_Assignment_
What do the lines say, reproduced word for word, from the first of the entries below through the line bearing "2A- I diecut"?

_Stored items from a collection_
= = = = =

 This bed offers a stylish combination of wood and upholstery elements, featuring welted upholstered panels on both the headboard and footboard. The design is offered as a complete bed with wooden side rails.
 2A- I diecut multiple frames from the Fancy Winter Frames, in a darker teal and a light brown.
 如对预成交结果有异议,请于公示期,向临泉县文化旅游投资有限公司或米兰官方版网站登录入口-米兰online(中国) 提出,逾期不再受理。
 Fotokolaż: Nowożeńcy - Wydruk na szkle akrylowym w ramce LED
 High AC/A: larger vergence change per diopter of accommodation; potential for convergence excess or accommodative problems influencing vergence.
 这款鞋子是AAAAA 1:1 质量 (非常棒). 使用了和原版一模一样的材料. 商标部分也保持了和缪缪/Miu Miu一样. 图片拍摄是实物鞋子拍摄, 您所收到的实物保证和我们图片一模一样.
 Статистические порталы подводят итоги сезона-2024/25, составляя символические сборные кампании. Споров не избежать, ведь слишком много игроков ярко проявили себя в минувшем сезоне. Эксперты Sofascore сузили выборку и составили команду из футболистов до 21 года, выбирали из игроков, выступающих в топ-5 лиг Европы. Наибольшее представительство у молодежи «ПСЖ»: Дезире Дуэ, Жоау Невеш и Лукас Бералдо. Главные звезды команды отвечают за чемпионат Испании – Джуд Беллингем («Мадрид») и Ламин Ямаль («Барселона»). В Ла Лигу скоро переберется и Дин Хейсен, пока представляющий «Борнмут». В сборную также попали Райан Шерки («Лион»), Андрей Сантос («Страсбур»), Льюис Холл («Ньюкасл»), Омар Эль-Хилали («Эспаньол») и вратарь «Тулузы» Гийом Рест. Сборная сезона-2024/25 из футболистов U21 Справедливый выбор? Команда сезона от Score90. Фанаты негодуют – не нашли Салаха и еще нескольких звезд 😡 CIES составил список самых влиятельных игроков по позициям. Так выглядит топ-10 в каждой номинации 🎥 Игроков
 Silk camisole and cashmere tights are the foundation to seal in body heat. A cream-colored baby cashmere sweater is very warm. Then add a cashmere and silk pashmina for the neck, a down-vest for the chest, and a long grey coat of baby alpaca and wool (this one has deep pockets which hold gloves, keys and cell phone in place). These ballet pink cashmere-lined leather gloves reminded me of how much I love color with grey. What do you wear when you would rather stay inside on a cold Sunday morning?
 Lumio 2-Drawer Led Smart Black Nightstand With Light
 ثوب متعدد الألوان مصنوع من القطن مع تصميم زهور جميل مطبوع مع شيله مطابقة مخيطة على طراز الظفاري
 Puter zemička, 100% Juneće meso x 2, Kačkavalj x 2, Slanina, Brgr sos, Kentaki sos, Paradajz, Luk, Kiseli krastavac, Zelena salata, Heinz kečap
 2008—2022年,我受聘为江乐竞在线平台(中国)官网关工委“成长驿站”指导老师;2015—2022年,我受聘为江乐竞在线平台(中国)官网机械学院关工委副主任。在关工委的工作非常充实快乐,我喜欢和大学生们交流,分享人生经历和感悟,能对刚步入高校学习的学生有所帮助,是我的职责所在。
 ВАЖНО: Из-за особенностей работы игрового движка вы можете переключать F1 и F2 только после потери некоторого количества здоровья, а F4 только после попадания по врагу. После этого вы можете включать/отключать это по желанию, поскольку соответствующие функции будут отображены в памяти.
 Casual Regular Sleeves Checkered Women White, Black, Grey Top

= = = = =

_Task result_
 This bed offers a stylish combination of wood and upholstery elements, featuring welted upholstered panels on both the headboard and footboard. The design is offered as a complete bed with wooden side rails.
 2A- I diecut multiple frames from the Fancy Winter Frames, in a darker teal and a light brown.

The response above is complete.